Australian academic, writer, Japanologist (born 1942)

Beatrice Bodart-Bailey (born 1942) is an Australian academic, writer, and Japanologist. She was named professor of economics at Kobe University, becoming "the first female and first non-Japanese person actually appointed by the Ministry of Education".

==Biography==
Bodart-Bailey's early education was in German and British schools. She earned a BA at the Australian National University (ANU). Her master's and doctorate degrees were awarded at the Research School of Pacific and Asian Studies (RSPAS) at ANU in Canberra.

Her MA thesis investigated "The Political Significance of the Tea Master Sen no Rikyū (1522–1591)". Her 1980 Ph.D. thesis examined "Yanagisawa Yoshiyasu (1658-1714)".

Bodart-Bailey's marriage to an Australian diplomat caused Bodart-Bailey to follow him as his career developed, including postings in Bangkok, Thailand, and Ottawa, Canada.

In 1982–1986, Bodart-Bailey was a visiting professor at Ottawa University, teaching Japanese history. She returned to ANU for post-graduate studies.

Between 1986 and 1995, Bodart-Bailey was granted various research fellowships at ANU.

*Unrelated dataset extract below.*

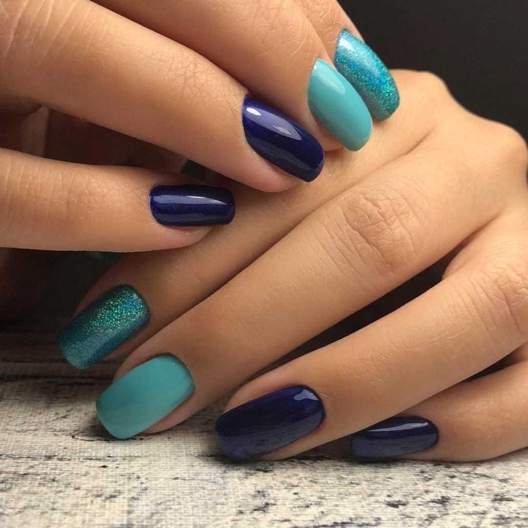 Синий цвет смотрится одинаково эффектно в глянце и в матовом исполнении. На ногтях разной длины результат может казаться по-разному: на коротких красивее светло-синий глянец или темный матовый лак, на длинных – наоборот.

In 1989–1990, Bodart-Bailey was awarded a Japan Foundation Fellow at the Institute of Social Science, University of Tokyo. She has been a professor in the International Research Center for Japanese Studies, Kyoto, and at Kobe University.

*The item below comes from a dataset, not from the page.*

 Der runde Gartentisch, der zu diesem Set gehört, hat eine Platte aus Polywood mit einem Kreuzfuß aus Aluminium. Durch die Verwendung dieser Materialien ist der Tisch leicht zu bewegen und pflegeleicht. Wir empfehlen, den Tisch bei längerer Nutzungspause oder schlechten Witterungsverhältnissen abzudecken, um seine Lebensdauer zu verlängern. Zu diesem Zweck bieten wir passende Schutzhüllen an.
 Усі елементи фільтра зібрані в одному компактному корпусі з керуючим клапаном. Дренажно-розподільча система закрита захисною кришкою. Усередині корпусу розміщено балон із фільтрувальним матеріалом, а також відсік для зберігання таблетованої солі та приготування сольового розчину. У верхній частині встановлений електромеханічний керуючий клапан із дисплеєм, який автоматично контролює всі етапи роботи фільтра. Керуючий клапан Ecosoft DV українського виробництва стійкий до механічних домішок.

In 1991, Bodart-Bailey became professor of Japanese history at Otsuma Women's University, where she was a founding member of the Department of Comparative Culture.

==Selected works==
In a statistical overview derived from writings by and about Beatrice Bodart Bailey, OCLC/WorldCat encompasses roughly 30+ works in 30+ publications in 2 languages and 170+ library holdings.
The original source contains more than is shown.